Observation en passant. J’ai reçu environ une douzaine de commentaires pour l’atelier Rectoverso. Auxquels j’ai répondu par mail, en m’appliquant à lire les textes de chacun et même en y faisant référence. Une seule personne m’a répondu par mail en retour. Ce qui conforte mon intuition première : que ces commentaires qui s’échangent ne sont que de l’esbroufe, du paraître, et pas grand-chose d’autre. Je prends un malin plaisir à régresser ainsi, parfois. J’observe que le commentaire est un bon déclencheur pour régresser rapidement. Ensuite, est-ce que je m’intéresse à la façon dont je suis perçu par ce collectif ? Non, je m’en fiche. Évidemment que je m’en fiche. Le décalage est tellement énorme entre ces textes qu’on se partage et ces commentaires, souvent ridicules, que je m’étonne que nul n’en parle jamais.
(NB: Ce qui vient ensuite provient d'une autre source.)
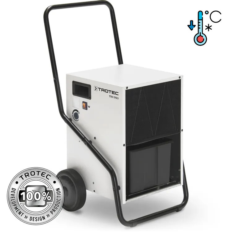 Kondensacyjny osuszacz powietrza TTK 170 S TROTEC przeznaczony do automatycznego osuszania pomieszczeń mieszkalnych, piwnic, pomieszczeń remontowanych i budowanych o maksymalnej kubaturze 225m3.
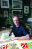Zbyněk Hraba odrývá desku postupně a tiskne jednotlivé barvy z jediného štočku.
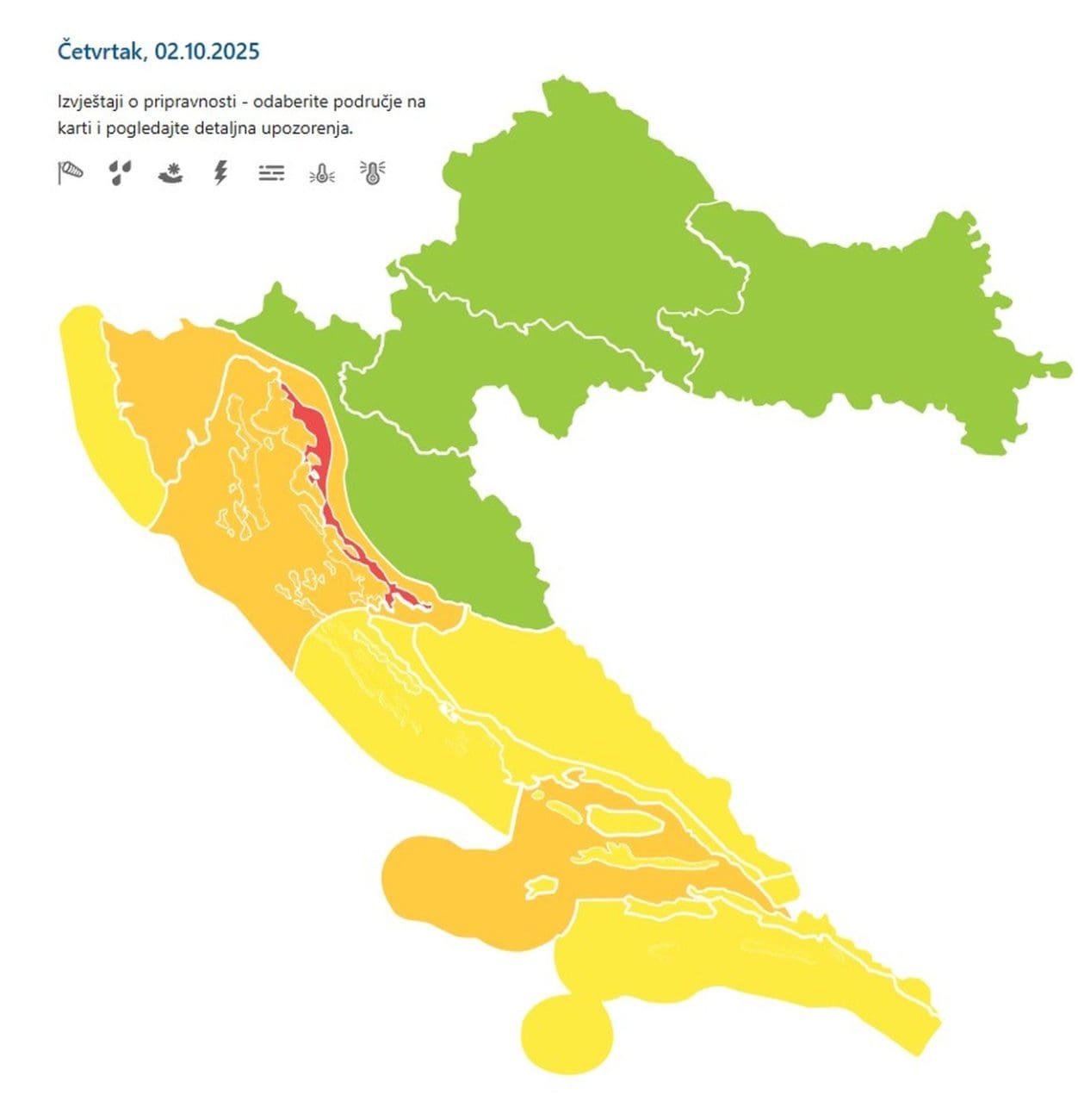 DHMZ je unutar sustava MeteoAlarm izdao žuto upozorenje za srijedu za cijeli Jadran zbog bure u jačanju. Za Podvelebitsko primorje izdan je narančasti stupanj. Za četvrtak se za dio Dalmacije podiže na narančasti stupanj, a podno Velebita na crveni. Naravno, sve zbog bure koja će podno Velebita imati orkanske udare, a drugdje olujne udare.
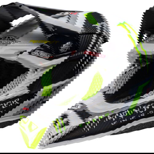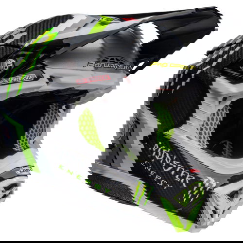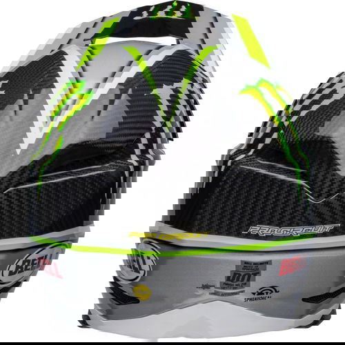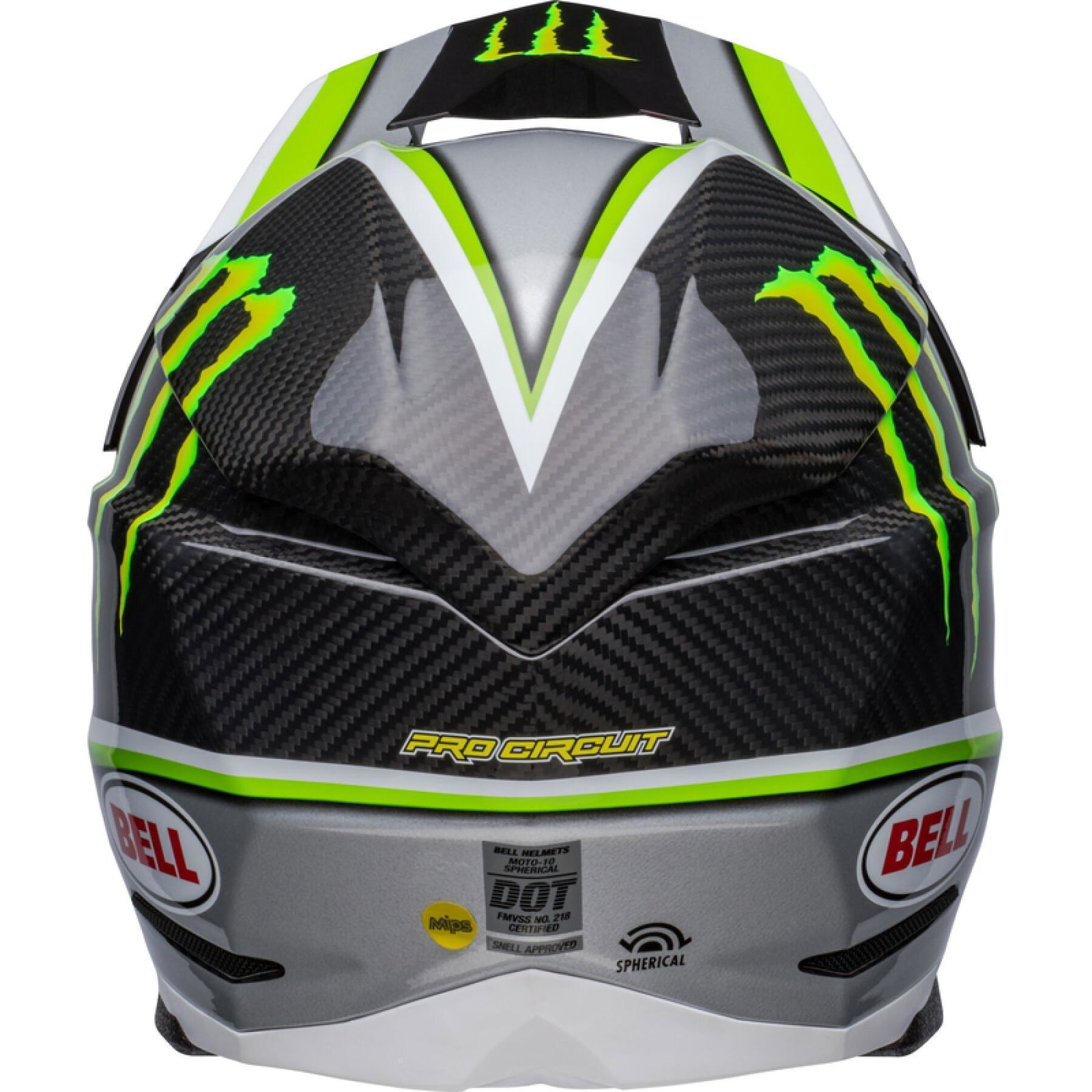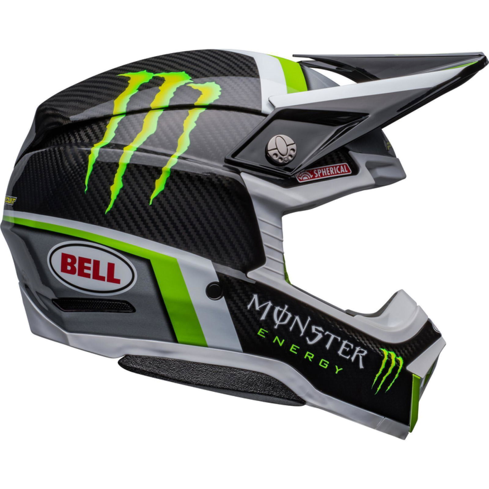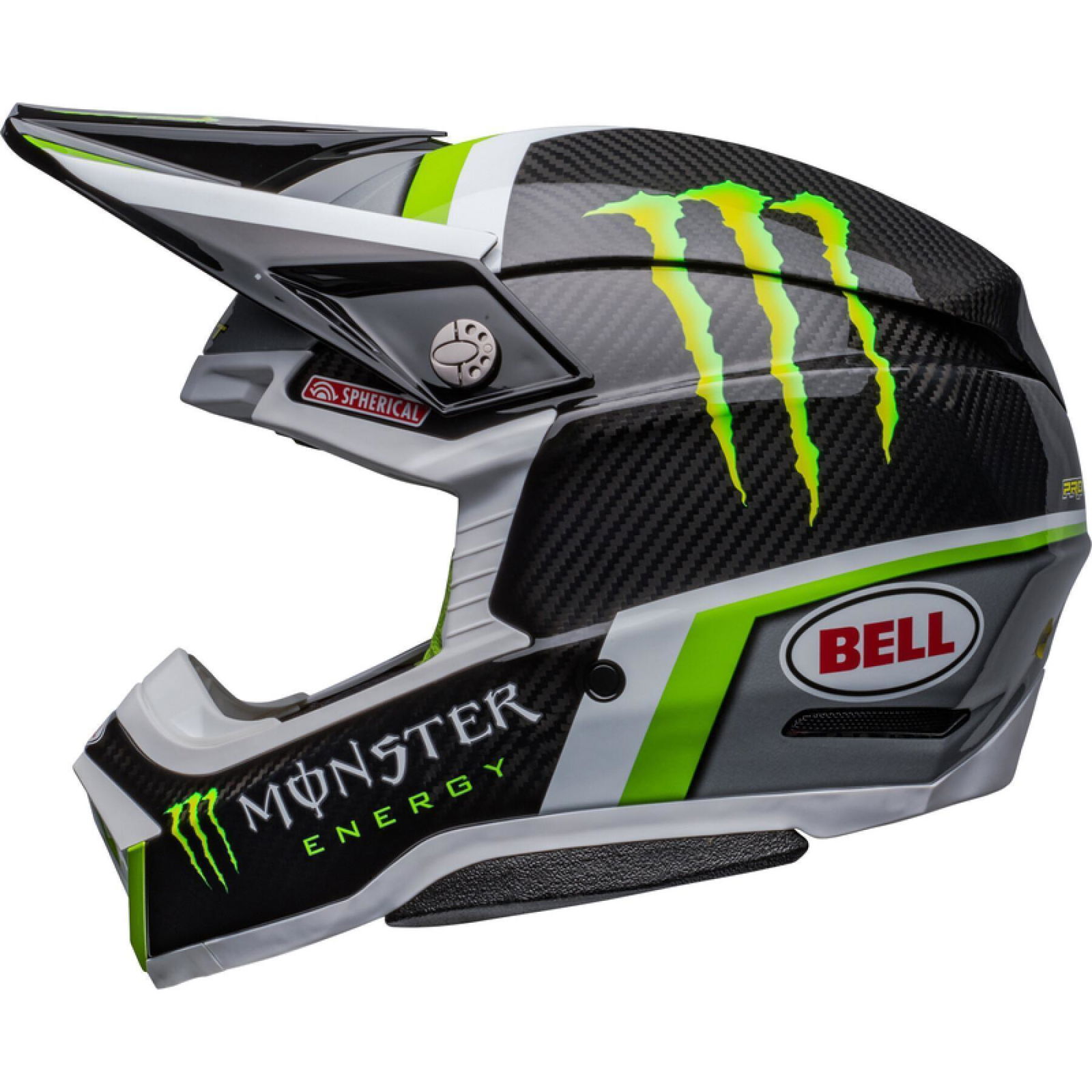 The Bell Moto 10 Spherical Pro Circuit Replica motocross helmet combines performance-driven style with Bell's revolutionary Spherical Technology powered by Mips. The Bell Moto 10 is a direct result of athletes' influence and feedback and achieves a winning combination of increased protection, weight reduction, and extreme airflow, enhancing the rider's experience and confidence. Made from a Segmented 3K Carbon Shell, the Moto 10 is ultra-lightweight and durable with Spherical Technology powered by MIPS, which is designed to provide movement inside the helmet to help reduce the rotational motion of the head in certain angled impacts, thereby lowering the risk of such injuries. NMR (No Missed Races) bumpers on either side of the helmet are made with a softer EPP material that compresses under load but bounces back to its original form, helping to reduce the likelihood of further injury caused by the helmet contacting your body. The Virus CoolJade liner is a removable and washable liner made of fabric that has been infused with recycled jade to create a natural cooling effect. The ultra-wicking construction combined with CoolJade-infused yarn decreases your skin surface temperature up to 10˚ F —keeping you cool, comfortable, and focused on the race at hand. The Magnefusion magnetic cheek pads are easy to remove for washing and enable emergency responders to easily detach the cheek pads first before the helmet following an impact. The Moto 10 Spherical helmet also offers Bell's Thermal Exchange Airflow System (T.E.A.S.), which sucks in cool air like a vacuum and then expels hot air through the side and rear exhaust ports for superior airflow and comfort. With the combination of T.E.A.S., Spherical venting channels, and a segmented shell, the Moto-10 offers superior sweat management and comfort. The Moto-10 offers a Panoramic Goggle port—the largest in the market. The wider port provides better fitment, optimal sealing, and a massive field of view, increasing the rider’s visibility and safety when needed most. The Flying Bridge Visor design allows more flexibility and improves airflow across the helmet. By not using a traditional centre post and screw concept, we’re able to increase the amount of energy management material in a high-impact zone. It weighs 1390G +/- 50G (Size M) and comes with a lined helmet bag.
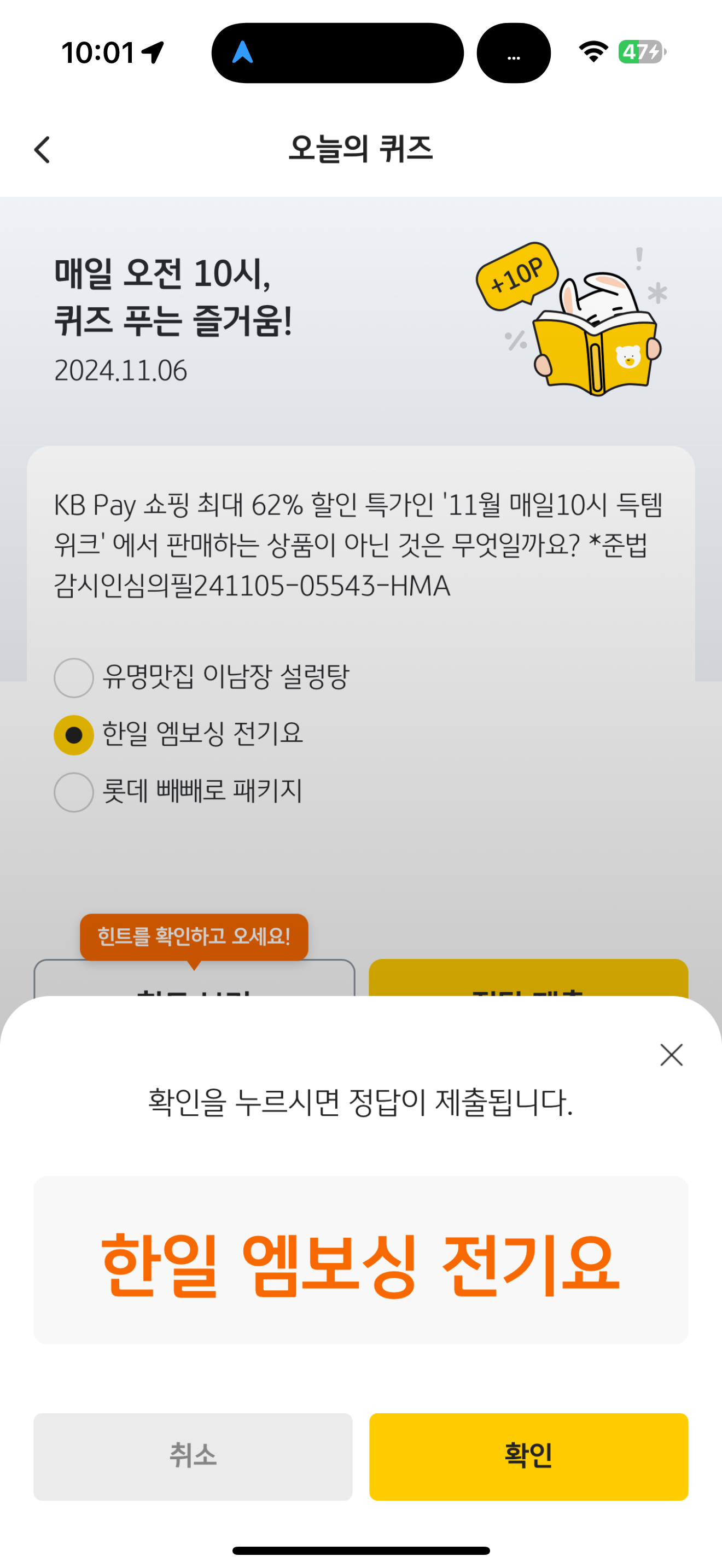 KB Pay 오늘의 퀴즈 11월 6일 정답(KB Pay 쇼핑 최대 62% 할인 특가인 '11월 매일10시 득템위크' 에서 판매하는 상품이 아닌 것은 무엇일까요? )
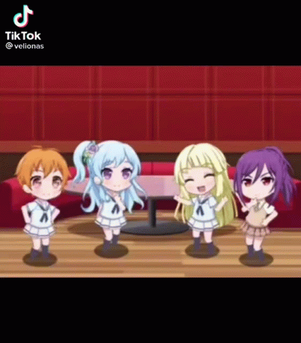 Hellohappyworld Harohapi chibi girls express happiness with 'Happy!', 'Lucky!', 'Smile!', and 'Yay~!' in a lounge.

Cela me rappelle mon père. Tiens. Des trempes magistrales, puis quelques minutes plus tard le fameux "c’était pour rire", "viens me faire un câlin"… Ce modèle de double bind appliqué aux ateliers d’écriture. Mais je suis peut-être véritablement cinglé. La plupart des gens sont à des années-lumière de mes raisonnements. Il ne faut pas oublier ça aussi. Mais quand même, si on écrit et qu’on ignore ça… merde.